La Jornada Semanal, 29 de agosto de 1999
Una cuidada revisión que abarca veinte años de trabajo pictórico (1979-1999) redondea la actual exposición -curada por Paloma Porraz y el propio autor- presentada por Francisco Castro Leñero (D.F., 1954) en el Museo Carrillo Gil. La primera pregunta ineludible se centra sobre la pertinencia de incluir esta obra en el repertorio estético que viene desplegando el Carrillo Gil desde que Osvaldo Sánchez asumiera su dirección. Y la respuesta inmediata resulta afirmativa porque aun cuando Paco Castro cubría las superficies con un espesor matérico que instituía un habla expansiva de la pintura, existía ya en sus cuadros cierta pulsión reductiva que lo acercaba, todavía lentamente, al conceptualismo minimal. En qué consistía tal habla o, en otros términos, ¿qué es el habla de la materia en contraposición al lenguaje y más todavía a la escritura del lenguaje? ¿Un balbuceo, una sonoridad sin forma que se evapora al mismo tiempo que se realiza por su específica condición hablante? He aquí una primera paradoja: se está datando un habla sin voz, porque la pintura desliza, elementalmente, su silencio. La segunda paradoja está en accionar una relación simbólica sobre la asimbólica densidad de la pintura abstracta. Finalmente, un tercer elemento contradictorio recala en atribuir cierta analogía volátil, evaporizadora, a una trama matérica que es precisamente eso, materia, concretud. Carentes de simulacro, despojadas de las formas o figuras que recortan, organizan, definen, en suma, atenuantes para la mirada; carentes de las configuraciones abstractas que deslizan ecos del simulacro, estas primeras pinturas grises de la muestra condensan una visibilidad detenida -sin tregua pero seductoramente (gracias a su perfecto engarce)- en la presencia concreta de la pintura. Y, en todo caso, la volatilización, o desaparición, tiene que ver con el anamorfismo de las superficies.

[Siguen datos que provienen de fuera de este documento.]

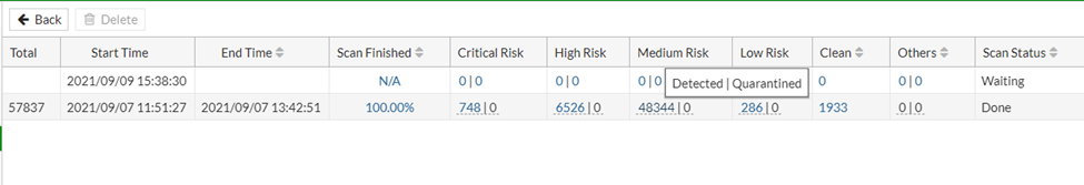 When enabled, FortiNDR will create a new folder <Network Share Profile Name>_<Scan Task ID> in the sanitized location for each scheduled scan.
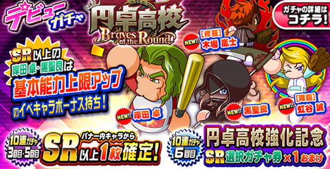 - 【パワプロアプリ】デビューガチャ 円卓高校~Braves of the Round~!30・50連でバナー内SR確定!60連...
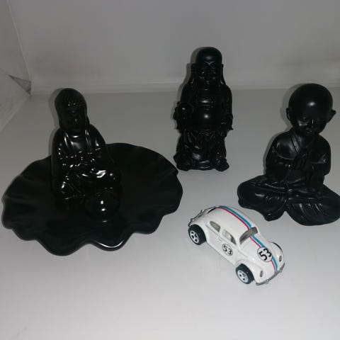 Sæt med 2 buddhaer der matcher hinanden. Grå, glaseret keramik. Fremstår som nye.
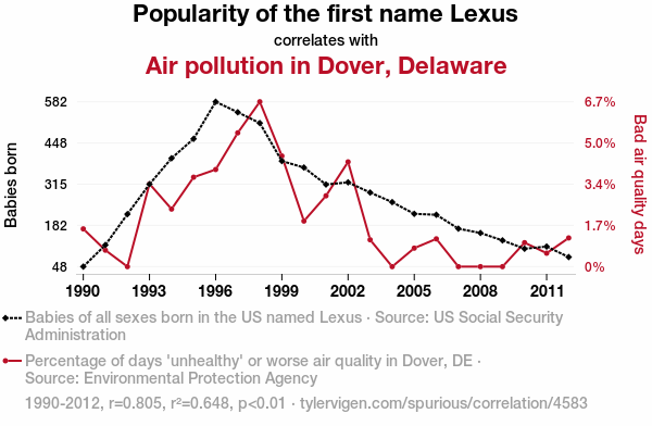 2. Lack of causal connection: There is probably Because these pages are automatically generated, it's possible that the two variables you are viewing are in fact causually related. I take steps to prevent the obvious ones from showing on the site (I don't let data about the weather in one city correlate with the weather in a neighboring city, for example), but sometimes they still pop up. If they are related, cool! You found a loophole.
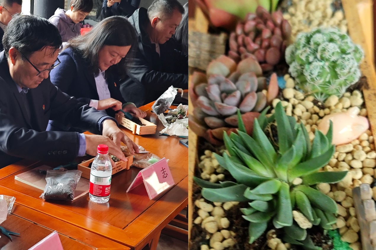 参会老师共同动手种植盆栽(曹明宇 摄)

Hay muy pocos cuadros disonantes en la retrospectiva: resalta sobre todo uno, de gran tamaño y corte decididamente áspero; tal vez porque la libertad gestual no se ajusta al linaje de Francisco Castro como pintor. Si se quisiera insertar en el canon expresionista al oscuro grosor de las telas antes comentadas, es preferible nombrarlas como eso: como la estructuración objetual, palpable, incuestionable, del espesor matérico. Otro bastidor, de menor dimensión, correspondiente al conjunto de los números, aparece asimismo menos logrado que otros resultados de dicha logradísima serie, ausentes de la muestra. Hay una sala impecable: aquella que recoge algunos trabajos del conjunto denominado ``Desplazamientos'' y de otro grupo: ``La casa del arquitecto''. El pintor ha abandonado nieblas y grisuras para dar lugar a la elocuencia del espacio. No se trata de elocuencia en realidad, sino de una licuación de la pintura y una apertura hacia colores claros -hacia la habitabilidad desfondada del blanco, de su recuerdo- para hacer oscilar al espacio entre su objetivación y sus suaves vibraciones, transparencias, rasgos de una poética de la luz y del aire. A veces tal espacio se recorta en franjas verticales, acentuando lo objetual; otras veces desenvuelve el vacío con pequeñas, aisladas intervenciones. Se extraña aquí una mayor presencia de esa calmosa ausencia que son los magníficos cuadros incluidos en ``La casa del arquitecto'', de su línea insinuante, su puro e indevelado augurio. La no casa del arquitecto deviene en la afirmación de una estructura tensada por su carencia de elementos aglomeradamente estructurantes, por su acción deconstructora que conduce a la extremada síntesis. Finalmente, con sus recortes a modo de espejeo del formato del cuadro y algún rojo fulgurante, los trabajos más recientes consuman un decidido ingreso a la pintura conceptual, cuyo corolario es el invalorable bastidor dividido en cuadrados. Así ha recorrido Francisco Castro Leñero esa línea que va de la materia al espacio y de éste a su objetivación, a su neta visibilidad como tal, con una exactitud y una solidez nunca del todo expresables.